Naar boven ↑

Rechtspraak

Triangular Group Information Services and Networking B.V./werkneemster
Rechtbank Noord-Holland (Locatie Zaanstad), 17 april 2025
ECLI:NL:RBNHO:2025:4508
Verstekvonnis. Werkneemster is op staande voet ontslagen vanwege fraude, bestaande uit het voorliegen van Triangular Group Information Services and Networking B.V. door te doen alsof haar zoon was overleden en dat zij daardoor in geldnood zat, frauderen met de rouwkaart en de grafsteenfactuur en op valse gronden niet meer komen werken. De verzoeken van TGI worden grotendeels toegewezen.

Feiten

Werkneemster is op 1 november 2024 in dienst getreden bij Triangular Group Information Services and Networking B.V. (hierna: TGI). Omstreeks haar tweede werkweek verscheen werkneemster niet op de plek waar zij door TGI tewerkgesteld was, te weten bij de gemeente Rotterdam. Toen de projectleider daarover contact opnam, gaf werkneemster aan dat haar zoon ernstig ziek was. Op 3 december 2024 vernam TGI dat de zoon van werkneemster was overleden. Op 4 december 2024 nam TGI contact op met werkneemster. Werkneemster gaf aan in de financiële problemen te komen door de uitvaartkosten. TGI gaf aan een gedeelte van de grafsteen van de zoon van werkneemster te betalen. Op 10 december 2024 heeft TGI € 2.000 aan werkneemster overgemaakt ten behoeve van de grafsteen. Werkneemster heeft TGI op verzoek een factuur van de grafsteen gestuurd, alsmede de rouwkaart.
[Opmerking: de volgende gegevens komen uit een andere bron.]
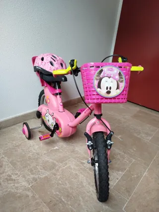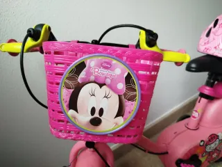 Bicicleta niña 3-5 años color rosa salmón y motivos de gato. Neumáticos de 14" practicamente intactos . Incluyo en el precio: - Cesto delantero con imagen de Minnie Mouse - Ruedines - Portamuñecas trasero y - Casco de gatitos s-m (48-54cm) Se puede ver sin compromiso ninguno. Tiene algunas señales de uso pero está como nueva.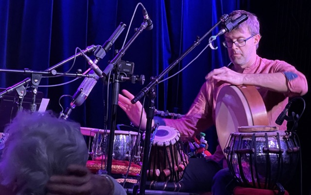 The Dave Sharp Worlds Quartet includes Sharp on Bass, guimbri, quatar and synthesizer, Igor Houwat on oud, Henrik Karapetyan on violin and Mike List-Cajon on riq, tabla and baya, djembe, cymbals, pot drum, frame drum and darbouka.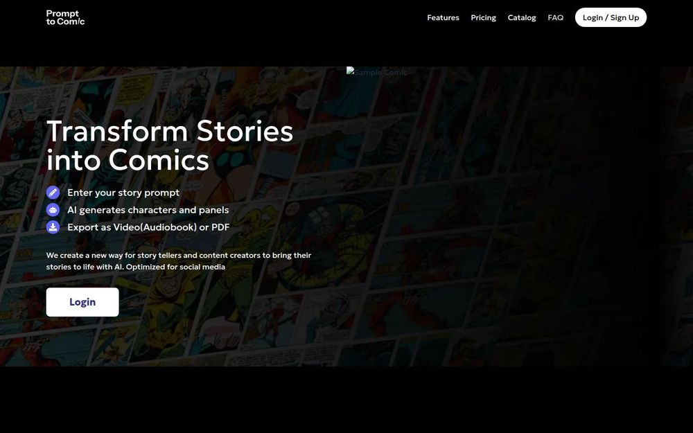 PromptToComic 是一款致力于把文字故事变成漫画和有声视频的 AI 工具,面向社交媒体内容创作者、儿童读物作者以及教育工作者。用户通过输入故事提示(prompt),即可让系统自动生成相应的角色、分镜与画面,并在需要时进行编辑与微调,最后导出为适合发布的短视频或 PDF 格式。该平台强调易用性、社交平台优化与创作效率,帮助创作者以更直观和有趣的方式讲述故事。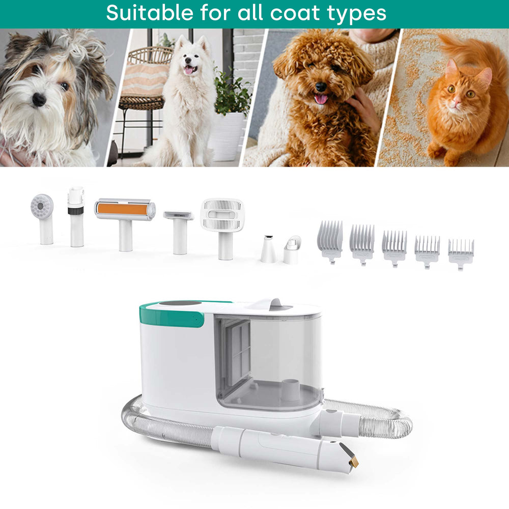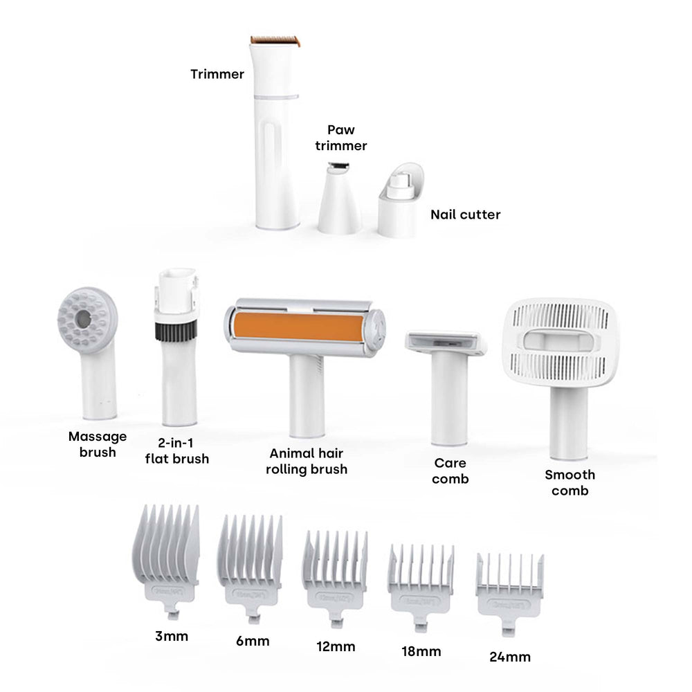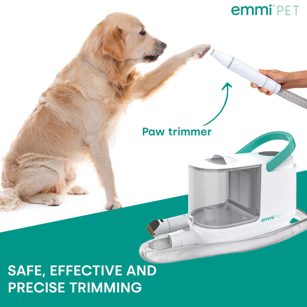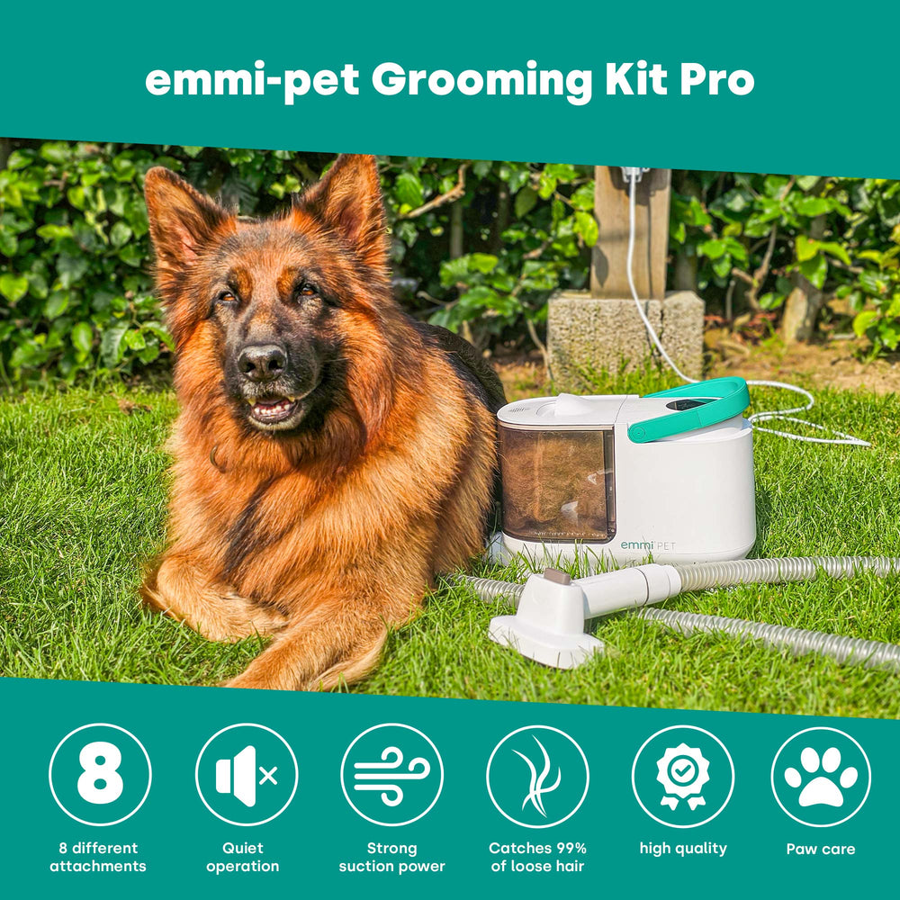 Le kit de toilettage comprend non seulement un aspirateur, mais également une tondeuse pour toiletter efficacement votre chien ou votre chat à la maison. Cela fait du kit de toilettage emmi-pet le meilleur aspirateur à poils d'animaux avec tondeuse par rapport aux autres modèles. Pour ceux qui ont besoin de soins encore plus complets, la version Pro propose également un coupe-ongles et une tondeuse à pattes spéciaux, idéaux pour un soin précis des pattes et des ongles.

Omdat deze bestanden vragen opriepen, is werkneemster op 20 december 2024 geschorst in verband met een onderzoek naar mogelijke fraude. Op 24 december 2024 is werkneemster op staande voet ontslagen vanwege fraude, bestaande uit het voorliegen van TGI door te doen alsof haar zoon was overleden en dat zij daardoor in geldnood zat, frauderen met de rouwkaart en de grafsteenfactuur en op valse gronden niet meer komen werken. Op 20 januari 2025 heeft TGI aangifte tegen werkneemster gedaan vanwege fraude. TGI verzoekt een veroordeling van werkneemster tot betaling van € 18.646,79 aan gefixeerde schadevergoeding, € 2.000 aan begrafeniskosten, € 24.628,82 aan overige schade, € 1.673,12 aan beschikbaar gestelde en niet teruggegeven bedrijfsmiddelen én de proceskosten.

Oordeel

De kantonrechter oordeelt als volgt. Aan werkneemster wordt verstek verleend. De verzoeken van TGI worden toegewezen. De kantonrechter begroot de door TGI verzochte schade op € 2.000 minder dan TGI heeft aangevoerd, omdat dat bedrag zowel in het kader van de onverschuldigde betaling als de schadevergoeding is meegenomen. Werkneemster wordt in de proceskosten veroordeeld.